In 2000, Sylvain Pion started working on these packages. He improved the efficiency of triangulations in CGAL 2.3 and 2.4 in several ways [6] he implemented the Delaunay hierarchy [12] in 2.3, he improved the memory footprint in 2.4 and 3.0, he also performed work on arithmetic filters [7] (see Filtered_kernel) to improve the speed of triangulations.
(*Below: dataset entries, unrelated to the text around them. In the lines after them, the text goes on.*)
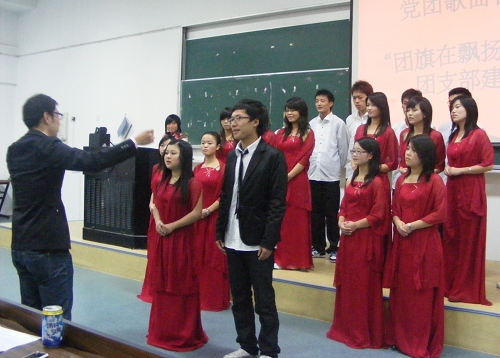 比赛在06英语4班雄壮有力的《走进新时代》合唱声中拉开序幕。全体参赛人员服装统一,意气风发,高亢激昂的歌声响彻整个教室。随后的07英语6班,胸前别着团徽,手腕上系着红丝带,带来了《太阳最红,毛主席最亲》那宏亮悦耳的歌声。07中美班则以一袭鲜艳的红色盛装给观众留下了深刻的印象,他们唱出了自己热爱党、热爱社会主义祖国的心声。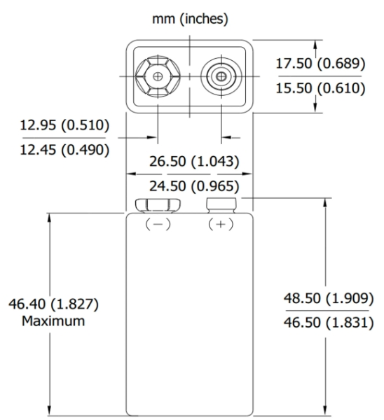 A 9V battery is a DC power source with a voltage of 9 volts (9V), usually in a rectangular shape with dimensions of approximately 26 mm × 44 mm × 17 mm. 9V batteries have high energy density and long service life, and are suitable for various portable electronic devices.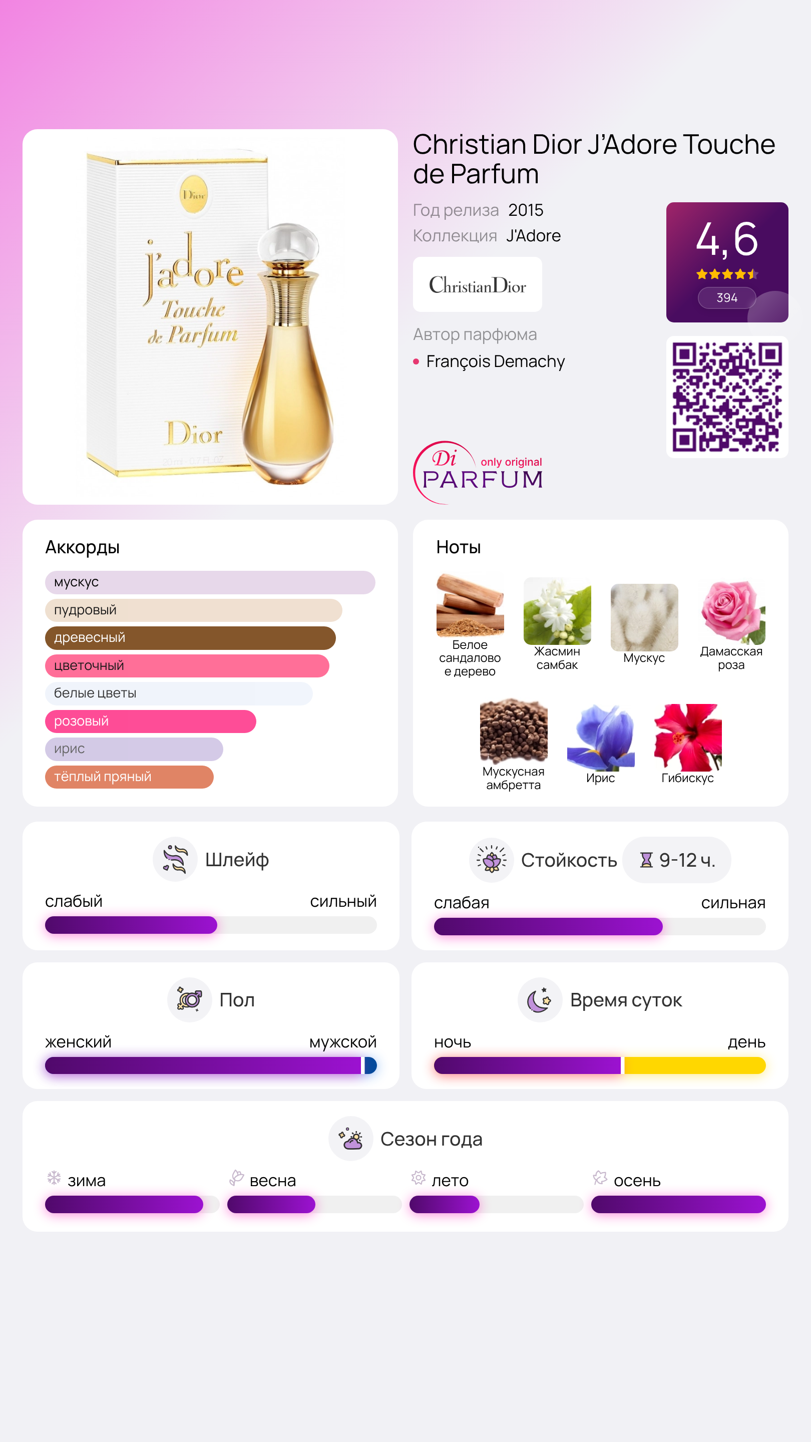 Т parfum J’adore Touche de Parfum является символом женственности и утонченного стиля. Выпущенный в 2015 году, этот цветочно-древесный аромат стал новым шедевром в известной парфюмерной коллекции J’adore от Dior. На его создание трудилась креативная энергия Француа Демаши, который отметил, что этот аромат является шагом в будущее для парфюмерии.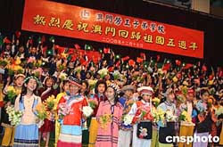來自小學(xué)舞蹈組的五十六位同學(xué),穿著五十六個少數(shù)民族的艷麗服裝,一一亮相,并表演了《歡聚澳門》歌舞劇。甫下飛機即趕來的潘曼霞不顧勞頓,高歌一曲《我愛你,中國》,贏得滿堂喝彩。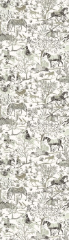 Non-woven wall mural, motif of nature, horses and other animals. Coarse fabric texture. For greater width can be combined with wallpaper DGSUM1021 - see photo. Interior photo is for illustration only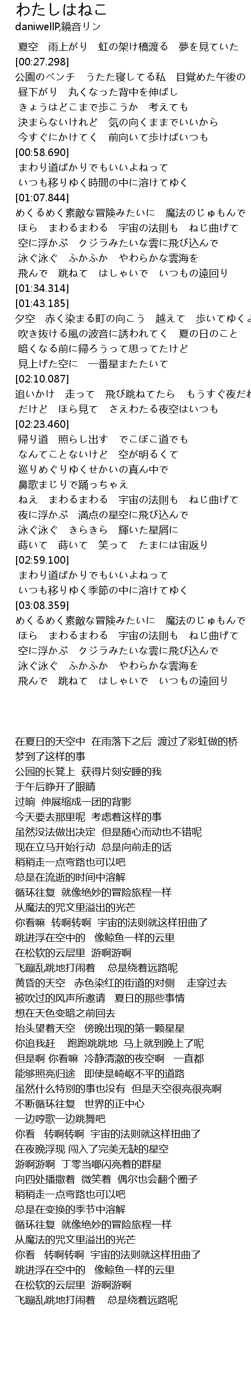 | [01:29.853] | 飛んで 跳ねて はしゃいで いつもの遠回り |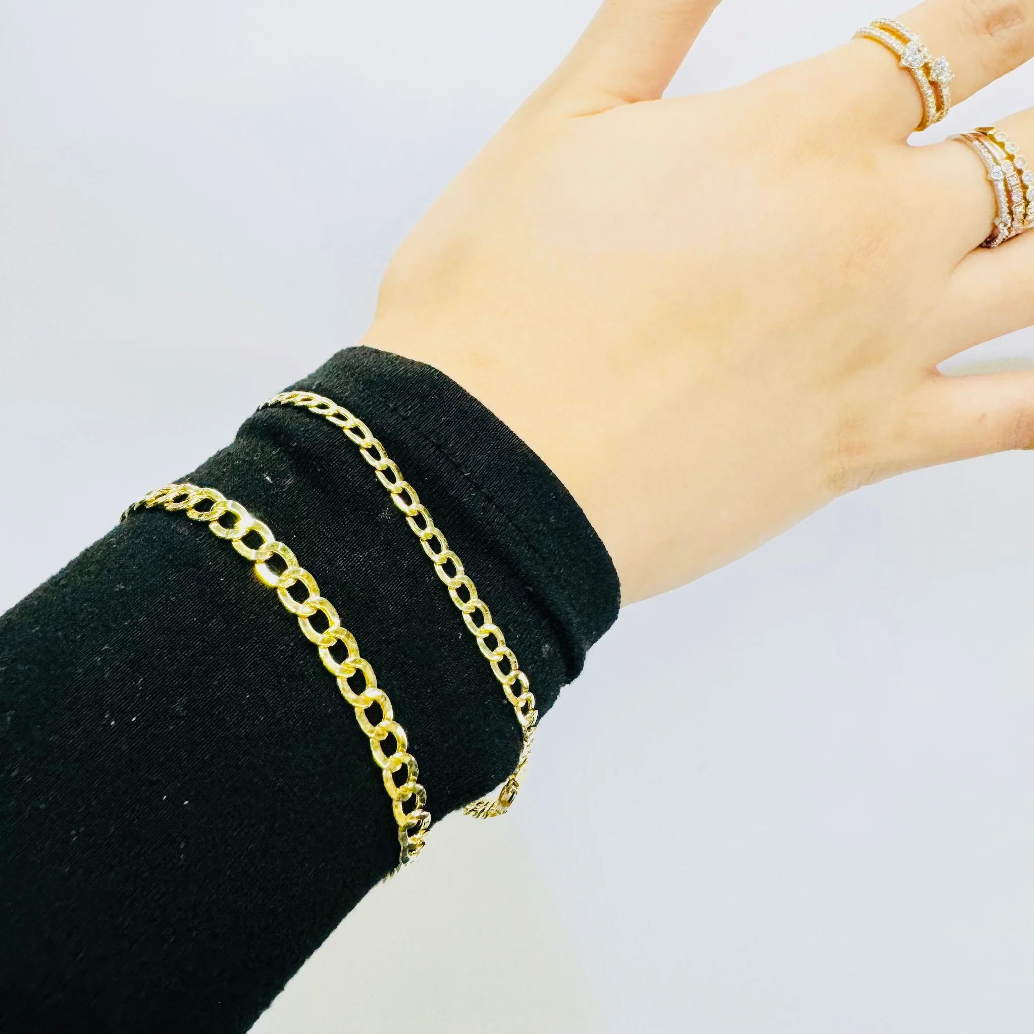 Indulge in timeless elegance with our 14k gold cuban bracelet, delicately crafted at 3.5 mm for a refined allure. Its intricate design exudes sophistication, making it a versatile accessory suitable for both men and women, adding a touch of luxury to any ensemble.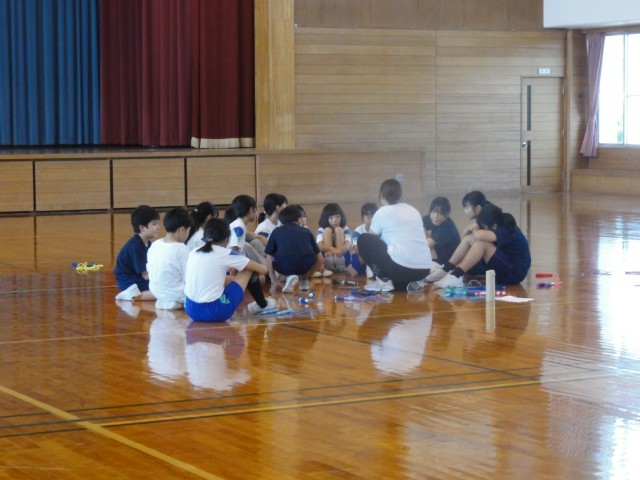 4年生の子供たちは、大技に挑戦しています。うまくできなかった時には、どのようにすればうまくいくかをみんなで話し合い、見直ししながら、上達するようにがんばっています。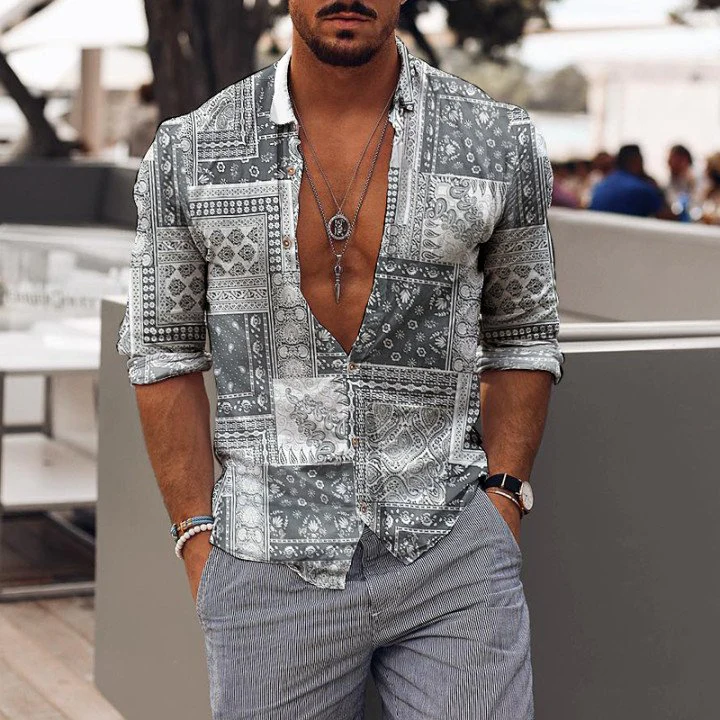 Retro Mens Holiday Ethnic Style Stitching Printed Shirt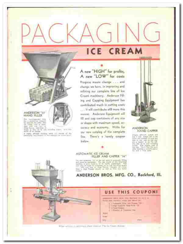 Anderson Bros Mfg Company 1934 vintage ice cream ad Filler packaging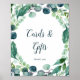 Ce panneau de cartes et cadeaux de verdure luxuriante et d'eucalyptus est parfait pour un mariage élégant dans le jardin ou une fête prénuptiale. Le design botanique moderne présente de superbes eucalyptus bleus aquarelles et des feuilles vertes. La ligne de texte au bas du panneau peut être personnalisée avec la date, les noms des mariés ou un court message comme "Merci". Ce panneau peut être utilisé pour un mariage ou tout événement ou fête.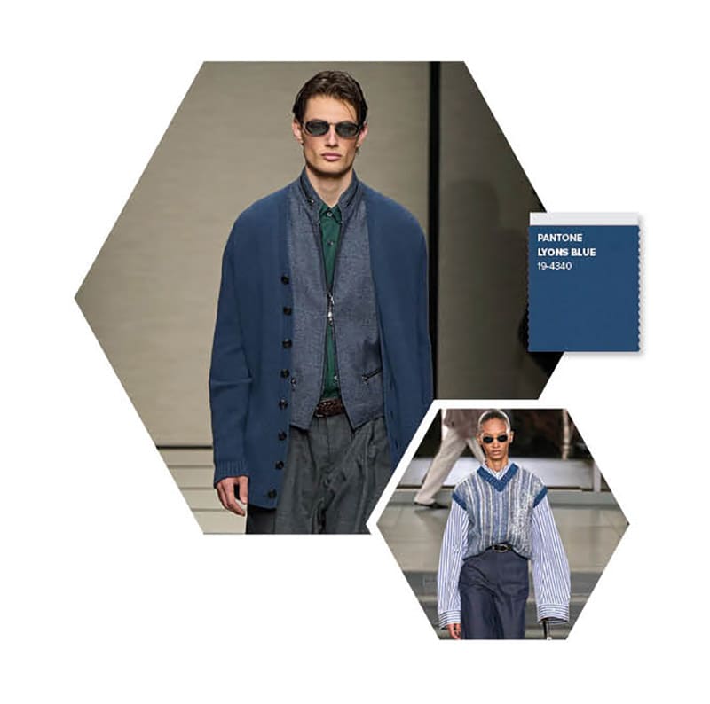 This season’s luxurious blue hue made waves on both the Giorgio Armani (left) and Tory Burch runways, both paired with on-trend oval sunglasses from EssilorLuxottica.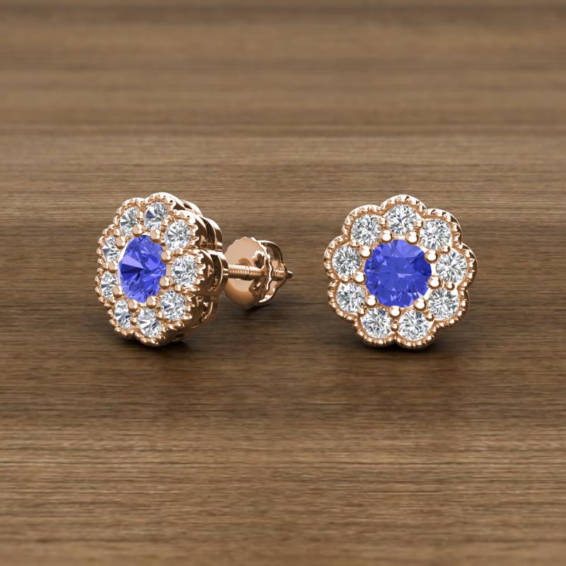 Round Tanzanite and Lab Grown Diamond 0.93 ctw* Womens Milgrain Halo Stud Earrings 14K Rose Gold More Details ...

He changed the design in CGAL 3.0, allowing users to add handles in their own vertices and cells.

Olivier Devillers, co-author of preliminary versions of the CGAL 2d triangulations, participated in many discussions, in particular about the perturbations, and more concretely in the implementation of the Delaunay hierarchy.

In 2005, Christophe Delage implemented the vertex removal function for regular triangulations, using the symbolic perturbation proposed in [9], which allowed to release this functionality in CGAL 3.2.

In 2006, Nico Kruithof wrote the Triangulation_simplex_3 class that can store simplices of any dimension and improved the internal organization of the code.

As of March 2007, Christophe Delage made the iterator range insert methods and constructors use spatial_sort to improve efficiency.

In 2008, Camille Wormser added a few more iterators in the package that were integrated in release 3.4.

In 2009, Sylvain Pion simplified the design of the Delaunay hierarchy so that it became the simple Fast_location policy in release 3.6.

In 2010, Pedro de Castro and Olivier Devillers added the point displacement in release 3.7.

In 2011, Pedro de Castro and Olivier Devillers implemented in release 3.8 the structural filtering method, improving the efficiency of point location.

A new demo of this package was introduced in CGAL 3.8, coded by Fei (Sophie) Che, who was co-mentored by Manuel Caroli and Monique Teillaud in the framework of the Google Summer of Code, 2010.

In 2013, Clément Jamin added parallel algorithms (insert, remove) to the Delaunay and regular triangulations.

The authors wish to thank Lutz Kettner for inspiring discussions about the design of CGAL. Jean-Daniel Boissonnat is also acknowledged [5].